*** Opening of Provided data ***

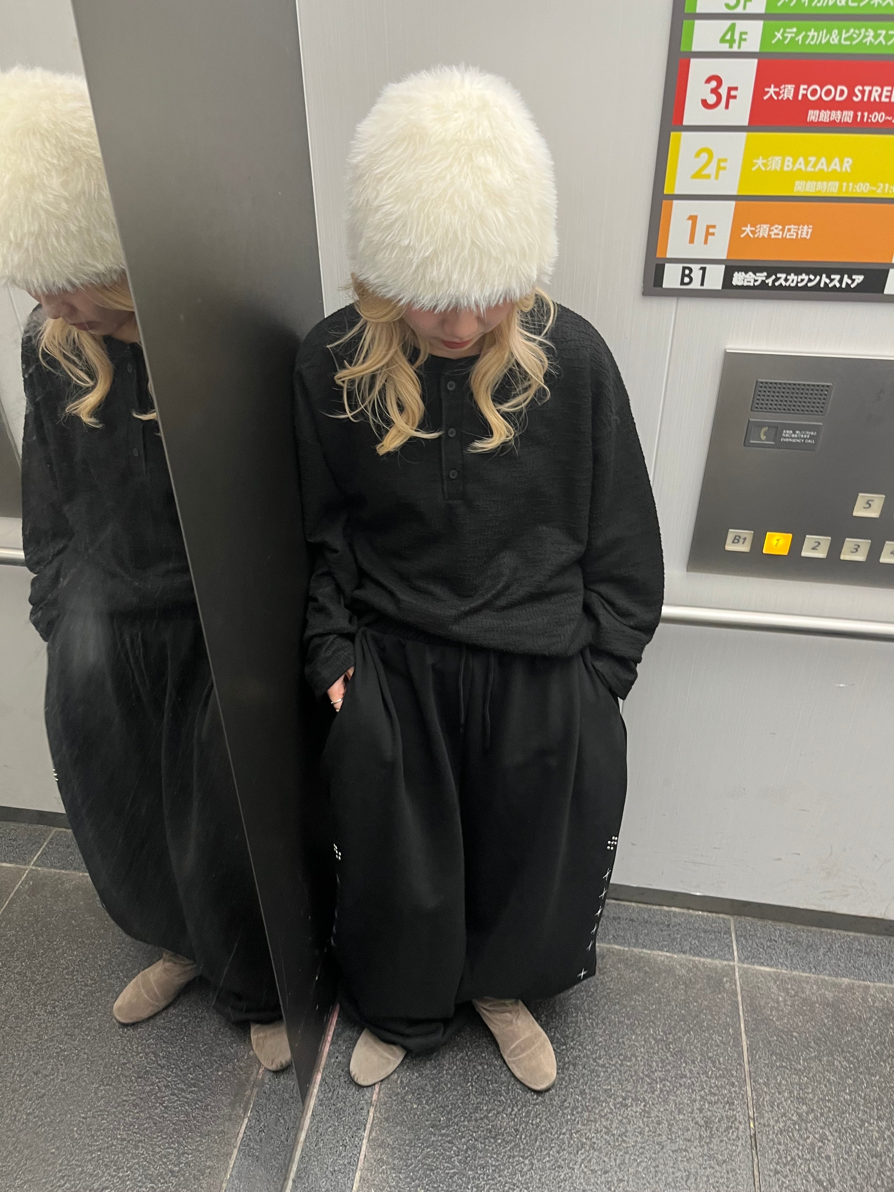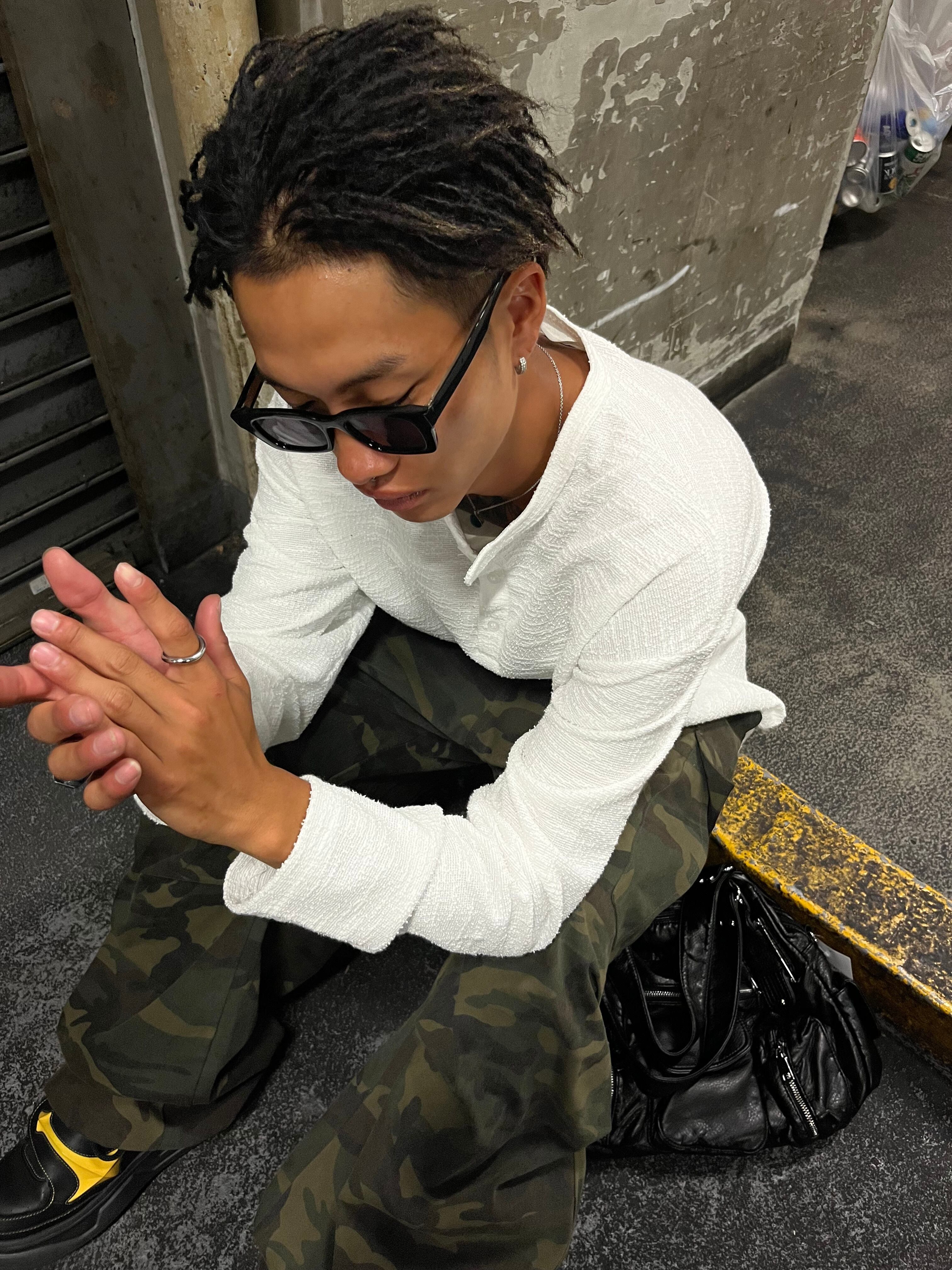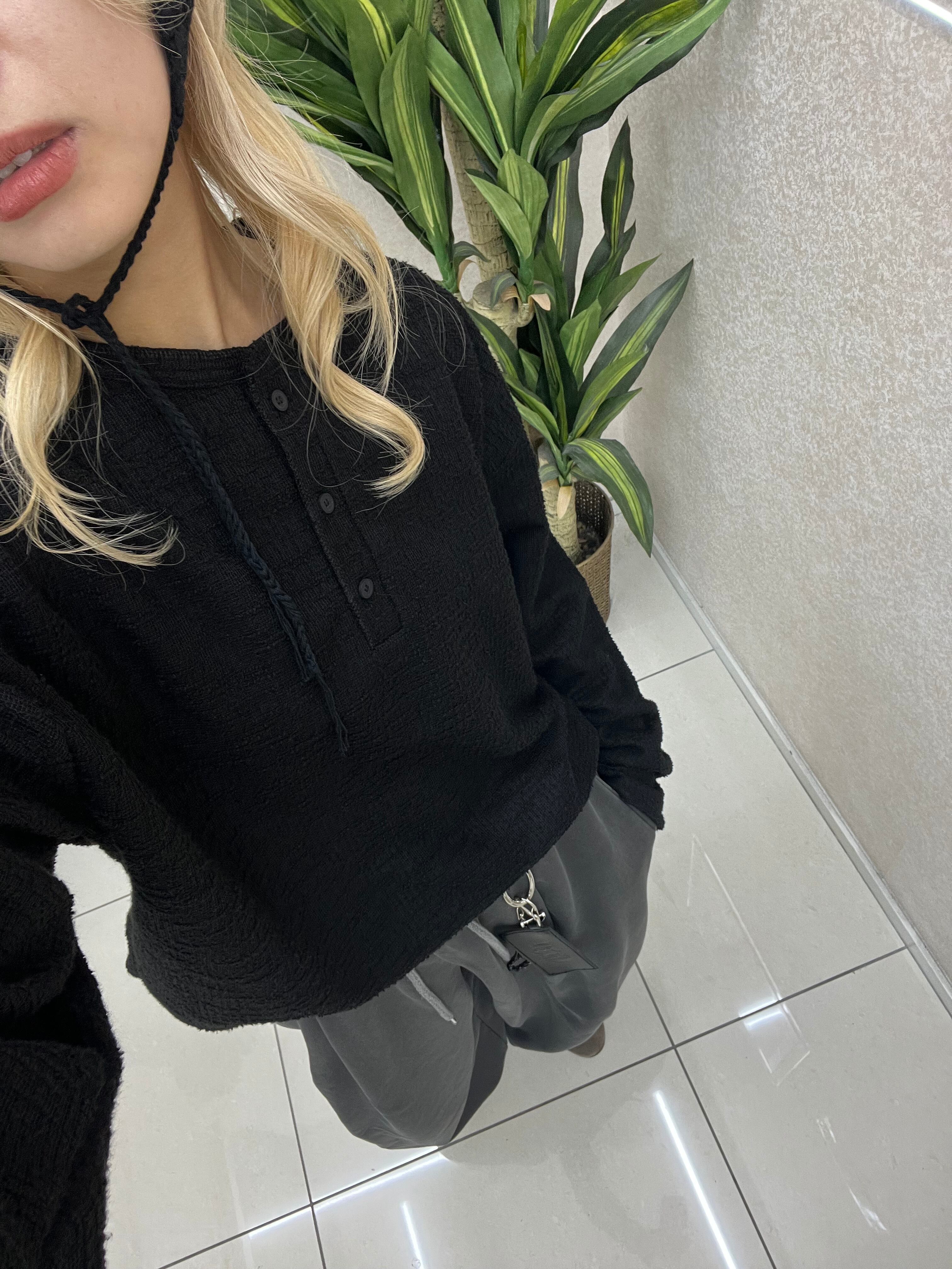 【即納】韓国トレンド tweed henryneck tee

*** Close of Provided data ***
*** Opening of Provided data ***

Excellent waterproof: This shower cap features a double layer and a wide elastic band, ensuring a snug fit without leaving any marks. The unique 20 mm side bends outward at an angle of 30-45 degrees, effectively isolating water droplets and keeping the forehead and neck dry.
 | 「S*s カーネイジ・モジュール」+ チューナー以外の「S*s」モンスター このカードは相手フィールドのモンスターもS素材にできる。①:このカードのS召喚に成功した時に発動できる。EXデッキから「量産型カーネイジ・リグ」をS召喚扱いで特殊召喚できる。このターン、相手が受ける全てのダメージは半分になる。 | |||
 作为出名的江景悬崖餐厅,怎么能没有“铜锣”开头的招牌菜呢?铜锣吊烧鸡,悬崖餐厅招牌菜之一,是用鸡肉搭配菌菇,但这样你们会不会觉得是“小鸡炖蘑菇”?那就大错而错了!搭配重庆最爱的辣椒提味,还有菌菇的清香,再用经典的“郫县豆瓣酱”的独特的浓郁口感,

*** Close of Provided data ***
*** Opening of Provided data ***

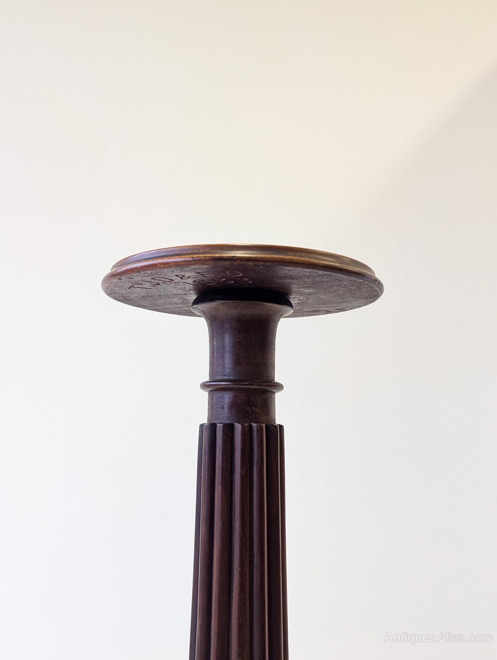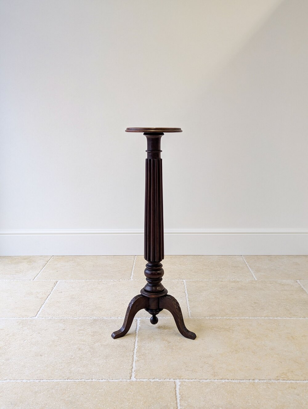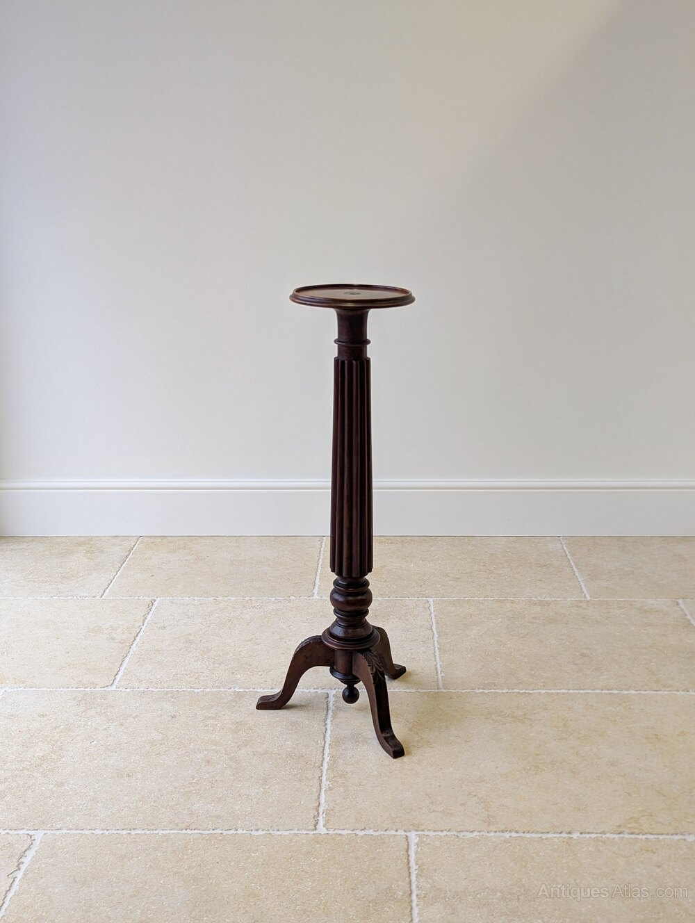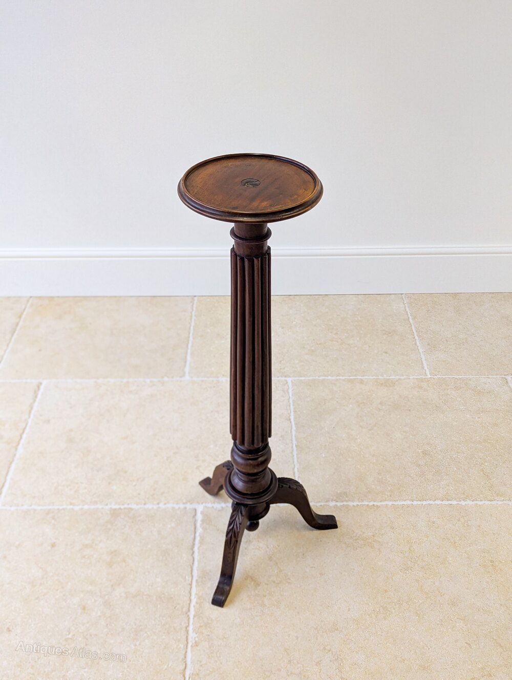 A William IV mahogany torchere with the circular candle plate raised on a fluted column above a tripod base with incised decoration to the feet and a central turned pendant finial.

*** Close of Provided data ***

= Your assignment =
From the records above, reproduce exactly the lines from the one with "Excellent waterproof: This" to the one with "作为出名的江景悬崖餐厅,怎么", both included, and no others.

= Reply =
Excellent waterproof: This shower cap features a double layer and a wide elastic band, ensuring a snug fit without leaving any marks. The unique 20 mm side bends outward at an angle of 30-45 degrees, effectively isolating water droplets and keeping the forehead and neck dry.
 | 「S*s カーネイジ・モジュール」+ チューナー以外の「S*s」モンスター このカードは相手フィールドのモンスターもS素材にできる。①:このカードのS召喚に成功した時に発動できる。EXデッキから「量産型カーネイジ・リグ」をS召喚扱いで特殊召喚できる。このターン、相手が受ける全てのダメージは半分になる。 | |||
 作为出名的江景悬崖餐厅,怎么能没有“铜锣”开头的招牌菜呢?铜锣吊烧鸡,悬崖餐厅招牌菜之一,是用鸡肉搭配菌菇,但这样你们会不会觉得是“小鸡炖蘑菇”?那就大错而错了!搭配重庆最爱的辣椒提味,还有菌菇的清香,再用经典的“郫县豆瓣酱”的独特的浓郁口感,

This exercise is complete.